Шрифт:
Интервал:
Закладка:
— О, насчет этого будь спокоен, — отвечал дядя, — я еще настолько помню себя, чтобы быть учтивым с женщинами, и охотно сделаю тебе это одолжение, но взамен и ты сделай одолжение мне.
— Говорите, я с радостью исполню всякое ваше приказание, сэр, — сказал Найтингейл.
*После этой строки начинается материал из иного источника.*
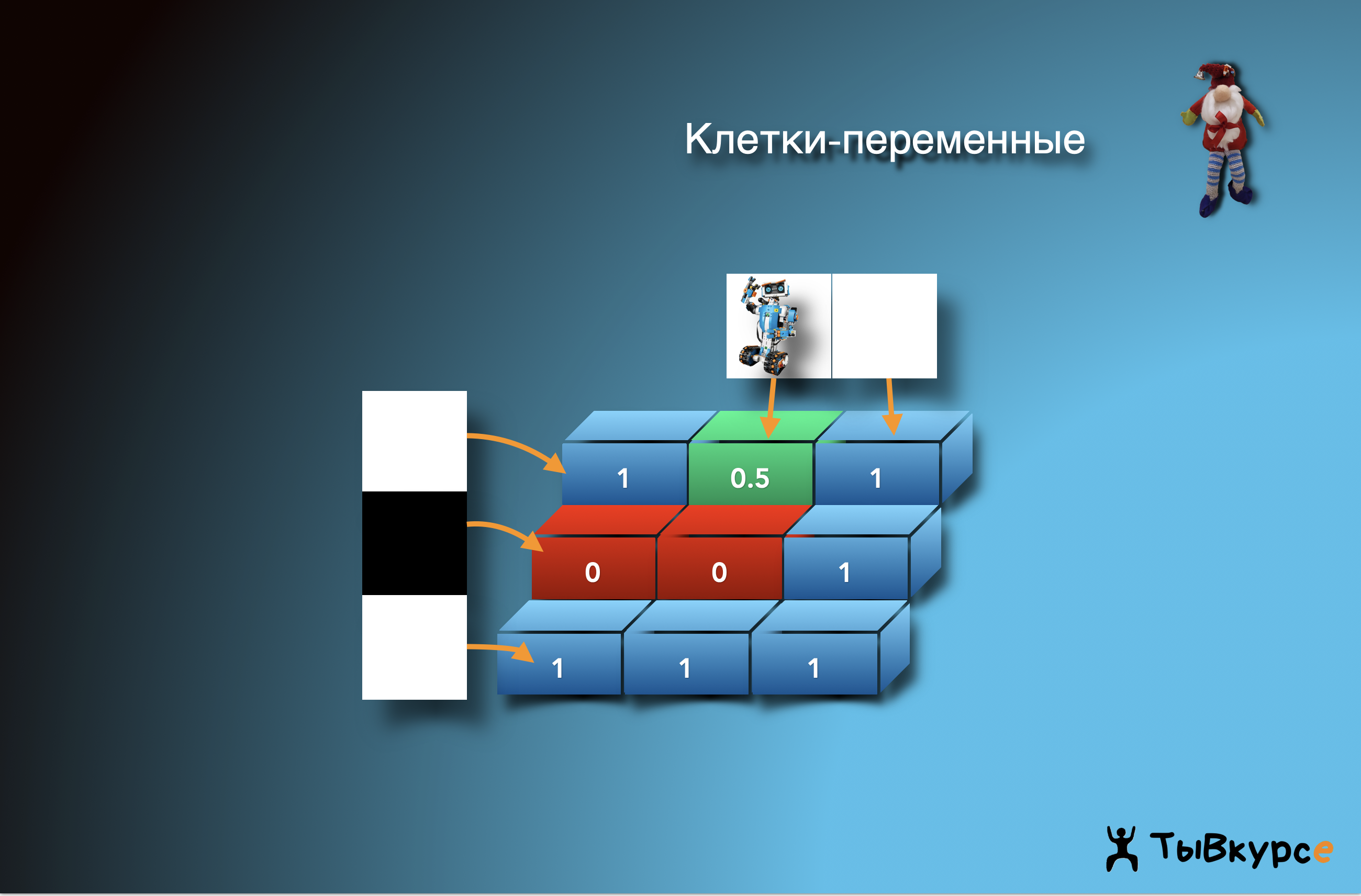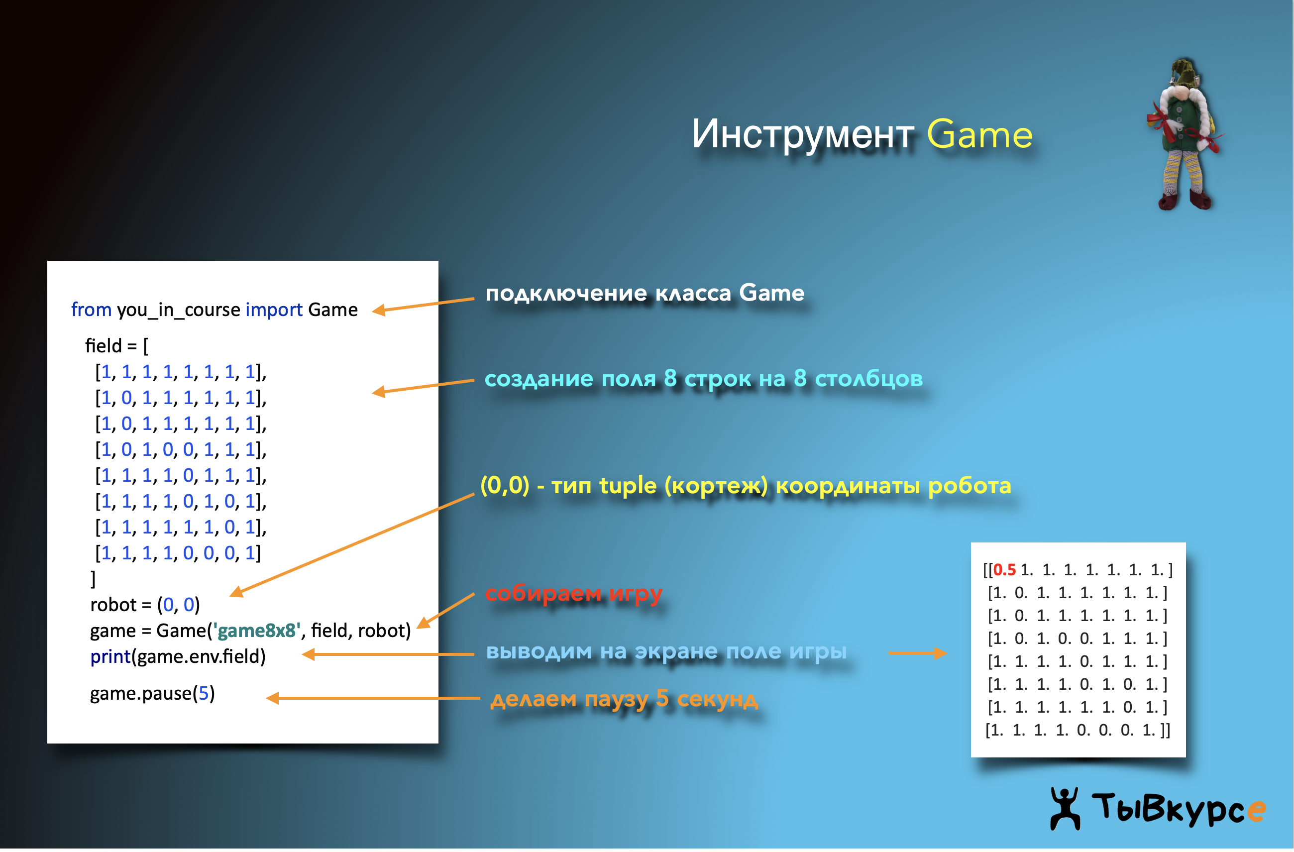 А еще ты сможешь сделать своими руками игру Поиск сокровищ, в которой робот будет искать клад, обходя препятствия. Познакомишься с массивами в Python, без которых невозможно построить игровое поле, размещать и перемещать робота в твоей игре. Узнаешь, что такое координаты, векторы и матрицы, циклы и условный оператор. |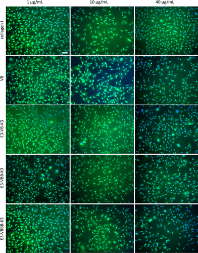 chart   7. The cells were spread on the plate coated with designed collagen. NIH / 3T3 mouse fibroblasts were seeded and spread on tissue culture plates coated with natural type I collagen (positive control), VB, e3-vb-k3, e3-vbb-k3 and e3-vbbb-k3 at concentrations of 1, 10 and 40 μ G / ml for 24 hours. The protein name and concentration are labeled on the left and top of the graph, respectively. The cells were stained with CFDA Se and Hoechst and observed with fluorescence microscope. The scale represents 100 of all images μ m

— Просьба моя самая маленькая: будь добр проводить меня домой, чтобы мы могли еще потолковать об этом деле. Мне хотелось бы иметь удовольствие оградить наше семейство от беды, несмотря на глупое упрямство брата, воображающего себя первейшим мудрецом на свете.
Найтингейл, прекрасно знавший, что дядя в упрямстве не уступит отцу, согласился исполнить его просьбу; потом они оба вернулись в столовую, где старик обещал вести себя так же любезно, как и раньше.
Глава X,
краткая и заключающая эту книгу
Долгое отсутствие дяди и племянника вселило некоторое беспокойство в оставшихся, тем более что в изложенном разговоре дядя по временам возвышал голос до такой степени, что его было слышно внизу; правда, слов разобрать было нельзя, но все-таки это породило недобрые предчувствия в Нанси, в ее матери и даже в Джонсе.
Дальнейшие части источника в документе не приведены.